I have a Python/Django app, and I need to add the following functionality added to it (in Python):
- I want a script that will search for a given term (that I provide), and for each of the first 100 results in Google, crawl the website and look for an email address. If one is found, record it in my db.
- I have link exchange partners see ([url removed, login to view]). I need to have a Python script that crawls my partner pages and verifies that they have added a link to my site (and record the page the link is on).
- I have a db of a bunch of local businesses (35,000) and I want to add the following functionality:
- I am missing the web site for about half the businesses, I need to have a script search Google for the name of the accountant firm and find the URL for their site (if it exists). This should use some simple heuristics for each of the websites on the first page of the Google results, like is the business name in the H1 or title tag of the home page.

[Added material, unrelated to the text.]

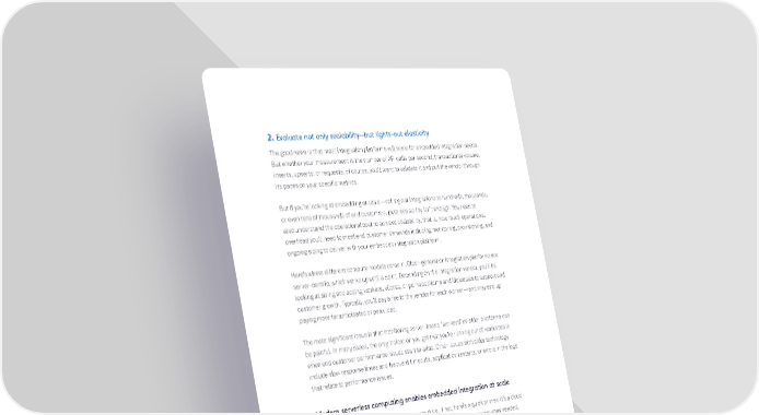 2. Evaluate not only scalability—but lights-out elasticity The good news is that most integration platforms will scale for embedded integration needs. But whether your measurement is the number of API calls per second, transactional volume, inserts, upserts, or requests, of course, you’ll want to validate it and put the vendor through its paces on your specific metrics. But if you’re looking at embedding at scale—rolling out integrations to hundreds, thousands, or even tens of thousands of end customers, pure scalability isn’t enough. You need to also understand the operational cost to achieve scalability, that is, how much operational overhead you’ll need to meet end customer demands including monitoring, provisioning, and ongoing sizing to deliver with your embedded integration platform. Here’s where different compute models come in. Older-generation integration platforms are server-centric, which works up until a point. Depending on the integration vendor, you’ll be looking at sizing and adding workers, vCores, or perhaps Atoms and Molecules to support end customer growth. Typically, you’ll pay a fee to the vendor for each worker—and may end up paying more for anticipated or peak load. The more significant issue is that monitoring server-based “workers” on older platforms can be painful. In many cases, the only indication you get that you’re running out of resources is when end customer performance issues start to arise. Other issues with older technology include slow response times and frequent timeouts, application restarts, or errors in the logs that relate to performance issues. Modern serverless computing enables embedded integration at scale You’re probably familiar with serverless computing. If not, here’s a quick primer: It’s a cloud computing model where the provider dynamically allocates the exact resources needed, on-demand. In a true serverless architecture for an embedded integration platform, each step or task in an integration flow (such as a trigger, transformation, or insert) is a serverless function. Serverless architecture elastically allocates resources on demand. Because there are no persistent workers, there’s no need to size or pay for anticipated demand. And there’s no need for your ops team to continually monitor dashboards and logs for customer issues related to under-sizing. As a result, serverless is a recipe for elasticity and end customer integrations at scale. 9

- I am missing email addresses for most of the businesses. I need a script to crawl the businesses web site and find an email address.
It is important that you speak very very good English, as communication is important.
If you have any questions, feel free to ask. Keep the following things in mind:
- These scripts will be run periodical (maybe daily) as part of a Django app on a Linux/Apache/MySQL machine.
- I expect the crawler you use to be multithreaded (or else these scripts will take way too long to run) and be polite to the host domain (no flooding them with requests, respect [url removed, login to view], etc).
- I expect high quality code with tests to verify. I'm a developer myself, and I will be reviewing all the code.